As a teenager, I once had a job loading 18-wheelers.
We started work at 7 am. At 6:55, I pushed all the buttons to open the massive doors so the waiting semis could begin backing in. Commanding these mechanical giants to move on my touch was enticing. And I had the crazy idea that way we could start work at 7 sharp.
The shouting protests of the other dock workers disabused me of that move.
They never opened the doors until 7. That way, they didn’t really have to begin working until 7:05.
Those were long work days, which I didn’t mind. That was before electric forklifts. So, every box was carried on and stacked by hand. The five-day work weeks were long too. That did grow old.
Eventually, I moved into an office job. Those five-day weeks weren’t any shorter.
But now there’s hope for more family time and less stress. In many cases, the workweeks are getting shorter. New industrial surveys find growing popularity in four-day weeks. That’s the biggest workplace change since Henry Ford introduced the five-day week nearly a century ago.
This, combined with the work-from-home phenomenon produced by the pandemic, is causing revolutionary changes in how Americans earn a living — from empty office spaces to struggling lunch counters and parking lots.
That’s the subject of this week’s audio commentary.
The most recent commentary, in case you missed it, looked at the growing number of senior citizens in our federal government’s elected positions.
Actually, that was the subject, even if you didn’t miss it.
And by senior, I mean quite senior. The incumbent president turns 81 this year and wants to extend his White House lease to 2029 when he’ll turn 86. I said, HE’D BE 86 THEN.
But he’s a youngster compared to some of the seniors in Congress. Age shouldn’t necessarily be a limiting factor. It’s the impact of those long years that counts.

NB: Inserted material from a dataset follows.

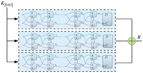 The XPUF, as introduced in [11], comprises of multiple APUFs (also known as components or streams). APUFs are delay-based silicon PUFs introduced in [8]. An APUF’s response is determined by the delay difference between the signals through two symmetric paths, as shown in Figure 1. The two signals race through a sequence of K stages, each consisting of two multiplexers (MUXes) [6,22]. At each stage, the paths traveled by the two signals, straight or crossing, depends on the value of the challenge bit. The delays that are introduced by different gates are different and, hence, different paths traveled by the signals lead to different arrival times at the arbiter. The arbiter determines the final output to be either 0 or 1. That is, if the signal on the top path arrives first, then the arbiter output would be 1; otherwise, the output is 0. The delay differences of the two signals were studied in order to satisfy the so-called Additive Delay Model (ADM) [13], which stipulates that the delay of a signal at the arbiter is the summation of delays at all gates traveled by this signal. An n-XPUF consists of n APUFs or streams, as shown in Figure 2, which illustrates a 64-bit 3-XPUF. The outputs of all APUFs are XORed in order to produce the response of the XPUF.
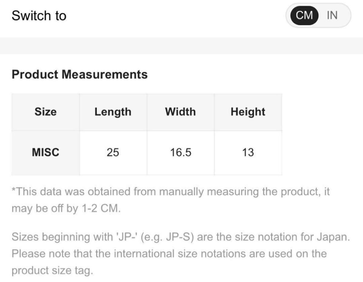 ※このデータは手動で製品を計測したものであり、1〜2CMの誤差が生じる 場合があります。

If you don’t remember how to enter a room. exit a stage, or need staff reminder notes to say “Hello” to others, that indicates a non-political problem with competency.
This week’s column was a complex one to research and assemble. It dealt with the Wagner military revolt in Russia, the reasons for it, the anticipated aftermath of it, and the scary possible developments if it had continued or grown.
Or if it reappears later in another form.
Some years ago, I had an unforgettable Independence Day experience that I’ll never see again. That’s what I shared with RedState readers outside the paywall.
One of the fundamental promises in Joe Biden’s 2020 campaign was his vow to return the nation to normalcy. Well, his idea of normalcy is not my idea of normalcy.
Too many examples of “abnormalcy” to list today. But here’s a start: Cocaine discovered in the White House, where recovering addict Hunter Biden is now living to duck process servers. Although this story keeps changing.
And my colleague Nick Arama details yet another unusual trip paid for by taxpayers involving the global travel buddies, Joe and Hunter.
Seems Joe Biden has yet another emerging classified document problem. Funny coincidence as his administration prosecutes his potential 2024 rival for a similar offense.
Oh, and Joe has a new idea to stall global warming: Block the Sun. What could possibly go wrong there?
So, that’s the new normal for Americans.